Trent McKeegan

Personal information
- Full name: Trent Cecil Alan McKeegan
- Born: 11 March 2000 (age 26) Derry, Northern Ireland
- Batting: Right-handed
- Bowling: Right-arm medium-fast

Domestic team information
- 2022–present: North West Warriors

Career statistics
| Competition | List A | Twenty20 |
| Matches | 2 | 8 |
| Runs scored | 15 | 0 |
| Batting average | 15.00 | 0.00 |
| 100s/50s | –/– | –/– |
| Top score | 15 | 0 |
| Balls bowled | 145 | 119 |
| Wickets | 0 | 11 |
| Bowling average | – | 14.54 |
| 5 wickets in innings | – | – |
| 10 wickets in match | – | – |
| Best bowling | – | 4/24 |
| Catches/stumpings | –/– | 1/– |
- Source: Cricinfo, 23 September 2023

= Trent McKeegan =

Irish cricketer

Trent McKeegan (born 11 March 2000) is an Irish cricketer.

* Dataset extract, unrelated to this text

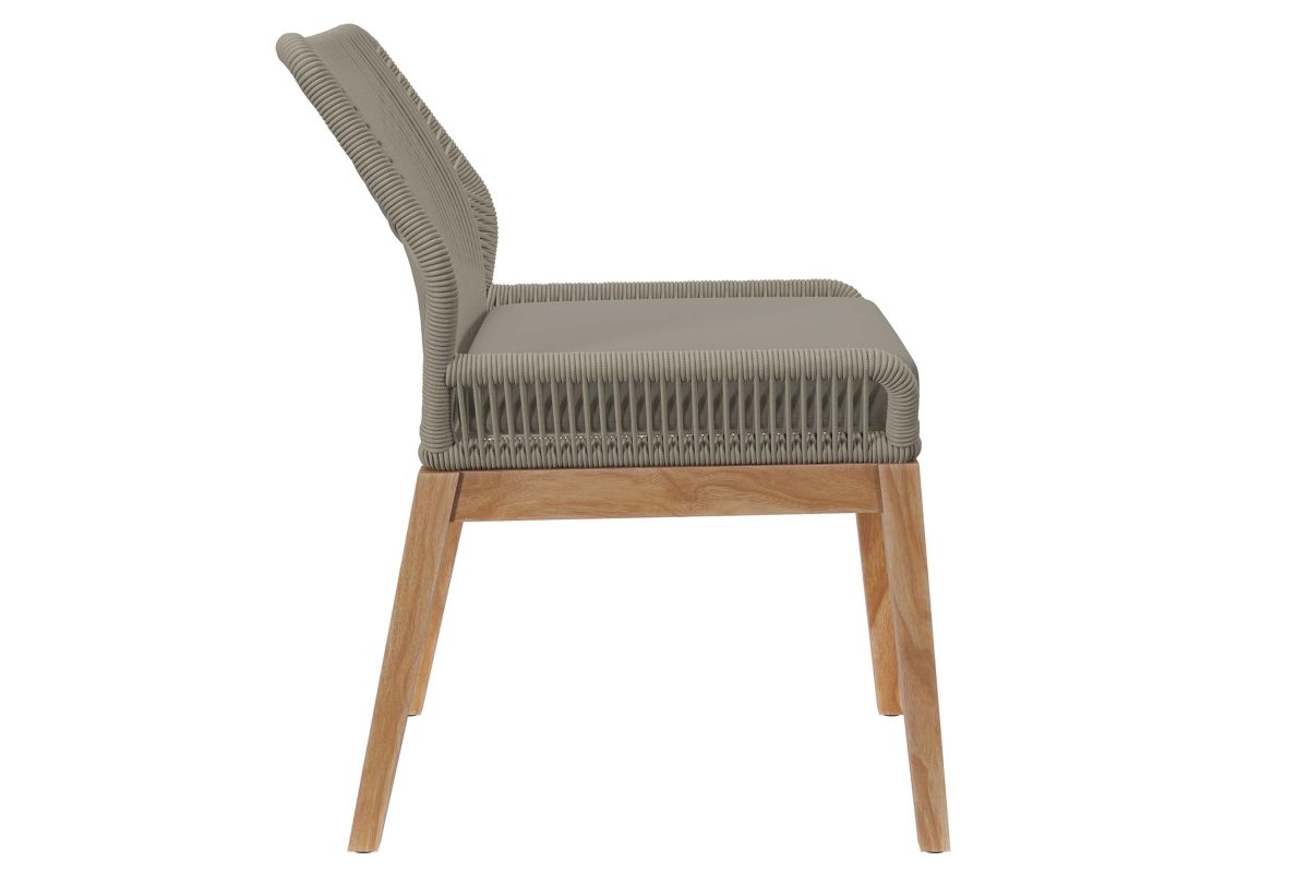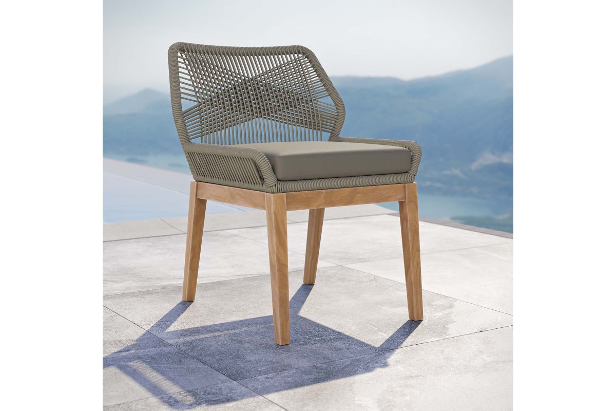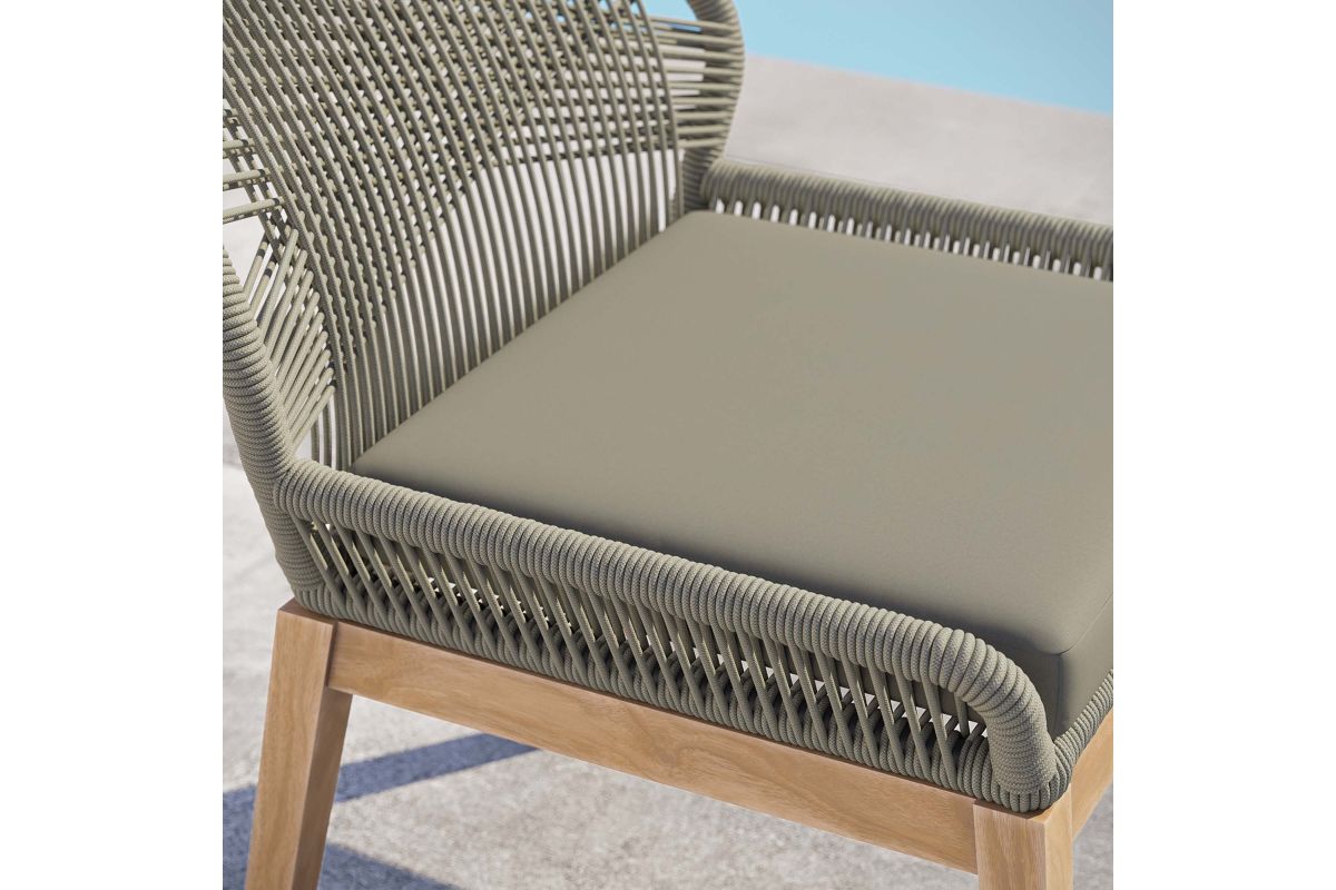 Relax amidst friends and family as you enjoy a meal al fresco with the Wellspring Outdoor Patio Dining Chair. Wellspring brings contemporary modern aesthetics to a backyard, porch, patio, or poolside with it's calming colors, organic wood grain, woven rope detail on the aluminum seat frame, and a crisscross pattern along the backrest. Featuring a premium solid teak wood base with stretchers and non-marking foot pins to protect flooring, this patio chair stool boasts a removable cushion with dense foam padding and ties to ensure a secure seat. It's versatile design makes it a stylish addition indoors too. Assembly required. Weight Capacity: 220 lbs.

A member of Newbuildings Cricket Club, McKeegan played age group cricket for the North West Cricket Union in 2017. In 2020, he raised £5,000 for Altnagelvin Hospital in Derry in memory of his grandfather, Alan Wallace, who was an umpire in the North-West of Ireland, by running 75 miles in three days. McKeegan is employed by the Pharmacy Department at the hospital. McKeegan was called up to the North West Warriors squad for their opening matches in the 2022 Inter-Provincial Cup, but did not feature in the starting eleven. His debut for the North West Warriors came in a Twenty20 match against the Northern Knights in the 2022 Inter-Provincial Trophy festival at Comber, with McKeegan taking the wicket of Max Burton in the match. He played in all three of the Warriors fixtures in the festival, but went wicketless in his next two matches.